Erneute Rentenkürzung in Griechenland: Höchster Richter tritt zurück

Der hochrangigste griechische Richter vollzieht seinen Rücktritt, weil die immer neuen Rentenkürzungen aus seiner Sicht zu einer „Verelendung“ der betroffenen Bürger führen.

Athen - Aus Protest gegen die zahlreichen Rentenkürzungen der vergangenen acht Jahre ist der Präsident des Höchsten griechischen Verwaltungsgerichtshofes (STE), Nikolaos Sakellariou. Das Ergebnis dieser Politik der immer neuen Rentenkürzungen werde „zur vollständigen Verelendung aller Rentner führen“, sagte er.
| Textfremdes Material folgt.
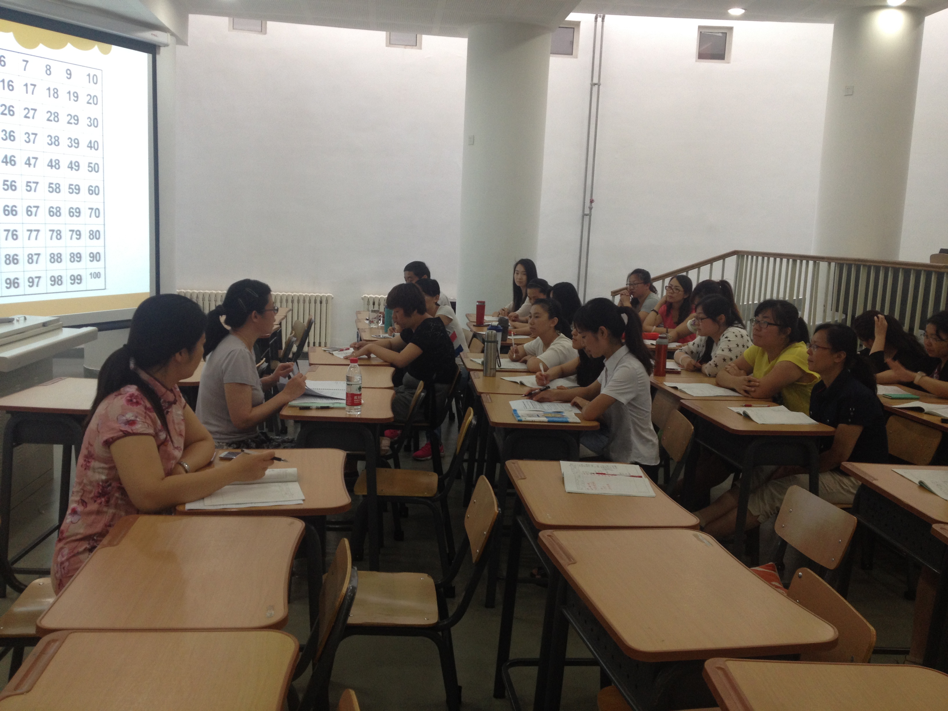 领导们和小学数学组的教师们济济一堂,一起听了由焦顺飞老师展示的一堂《百数表》,焦老师首先以猜谜的方式导入,调动起学生们探索的积极性。教学的过程中,焦老师大胆的放手,给学生们大量的时间和空间,让学生们自由的想象;在活动中搭建平台,鼓励学生与学生之间进行对话,进行思维上的碰撞。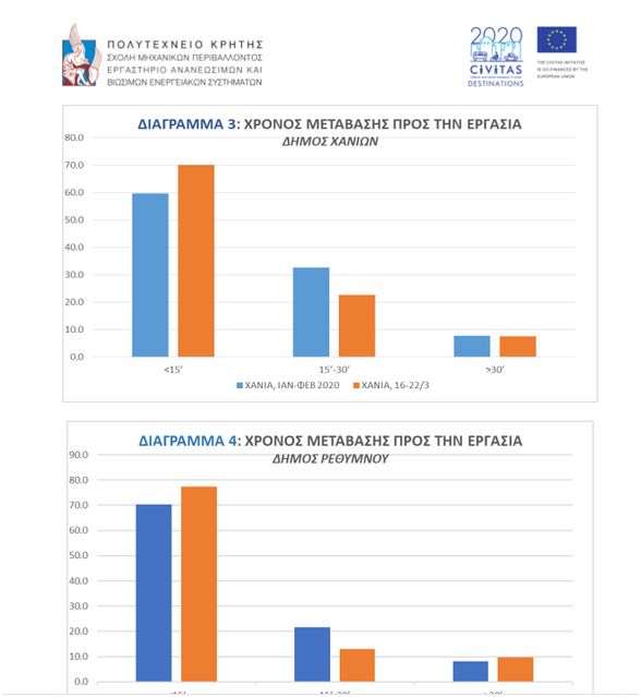 Όπως ήταν αναμενόμενο, λόγω της μειωμένης κίνησης, παρατηρήθηκε σημαντική μείωση του απαιτούμενου χρόνου για τη μετάβαση στην εργασία τους των πολιτών που συμμετείχαν στην έρευνα τόσο στο Δήμο Χανίων όσο και στο Δήμο Χανίων. Το 70% των συμμετεχόντων από τα Χανιά και το 77.4% από το Ρέθυμνο χρειάστηκαν μόλις 15 λεπτά για τη μετάβαση τους στην εργασία κατά την εβδομάδα 16-22 Μαρτίου. Το ποσοστό αυτό ήταν 59.7% και 70.3 αντίστοιχα για το διάστημα Ιανουαρίου-Φεβρουαρίου.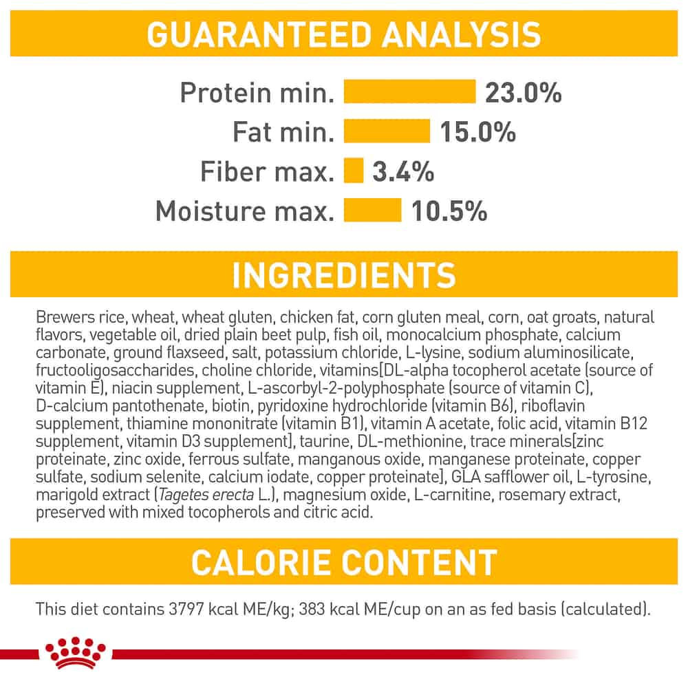 | Brewers rice, wheat, wheat gluten, chicken fat, corn gluten meal, corn, oat groats, natural flavors, vegetable oil, dried plain beet pulp, fish oil, monocalcium phosphate, calcium carbonate, flaxseed, salt, potassium chloride, L-lysine, sodium silico aluminate, fructooligosaccharides, vitamins [DL-alpha tocopherol acetate (source of vitamin E), niacin supplement, L-ascorbyl-2-polyphosphate (source of vitamin C), D-calcium pantothenate, biotin, pyridoxine hydrochloride (vitamin B6), riboflavin supplement, thiamine mononitrate (vitamin B1), vitamin A acetate, folic acid, vitamin B12 supplement, vitamin D3 supplement], taurine, choline chloride, DL-methionine, trace minerals [zinc proteinate, zinc oxide, ferrous sulfate, manganous oxide, manganese proteinate, copper sulfate, sodium selenite, calcium iodate, copper proteinate], GLA safflower oil, L-tyrosine, marigold extract (Tagetes erecta L.), magnesium oxide, L-carnitine, rosemary extract, preserved with mixed tocopherols and citric acid. |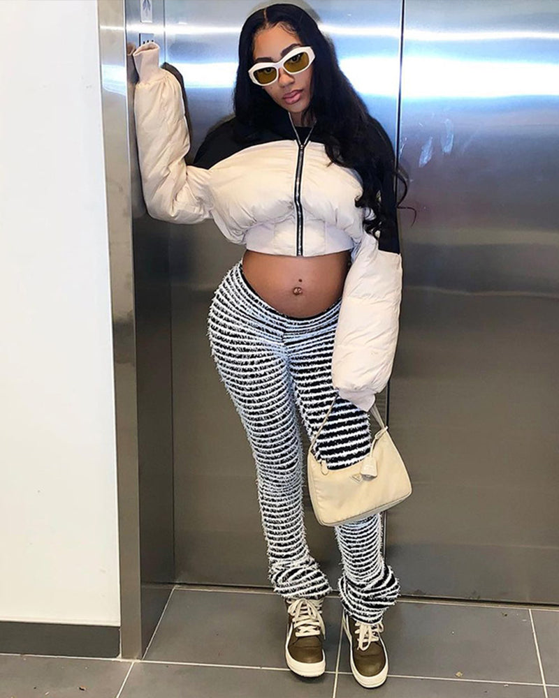 Sexy High-Waisted Striped Knit Patchwork Long Trousers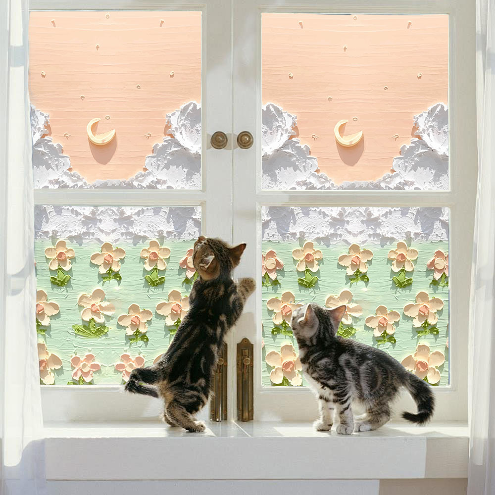 Aike BLT5129 만화 크림 스타일 달 꽃밭 유리 스티커 욕실 장식 유리 도어 접착제-없는 정전기 스티커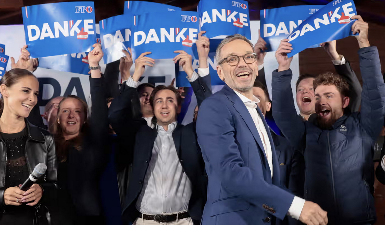 L’estrema destra ha ottenuto il maggior numero di voti in un’elezione austriaca per la prima volta dall’era nazista domenica, mentre il partito della libertà (FPÖ) cavalcava l’ondata di rabbia pubblica per l’immigrazione e il costo della vita per battere il partito popolare di centro-destra (ÖVP).

Die Rücktrittserklärung wurde von den meisten griechischen Radio- und Fernsehsender direkt übertragen.

Der Richter mit einer fast 42-Jährigen Karriere monierte zudem, dass die Bedürfnisse und Notwendigkeiten der Finanzen und der Ökonomie in Griechenland nach und nach die Oberhand über die Gesetze und die Gerechtigkeit gewönnen. Das könne er nicht akzeptieren.

Griechische Rentner: Nächste Kürzung bereits beschlossen

Die griechischen Rentner haben nach Angaben ihrer Verbände in den vergangenen acht Jahren bis zu 60 Prozent ihrer Einkommen verloren. Ab 1. Januar 2019 sollen die Renten abermals um bis zu 18 Prozent gekürzt werden. Damit sollen rund 1,8 Milliarden Euro jährlich eingespart werden.

Juncker: Griechenland wird bald ein „normales“ Eurozonen-Land sein

Am Vortag waren landesweit Tausende Rentner auf die Straßen gegangen. „„Beschneidet“ nicht unsere Renten. Schneidet Euren Hals ab“, hieß es auf einem Plakat an die Links-Rechts-Regierung unter Alexis Tsipras gerichtet.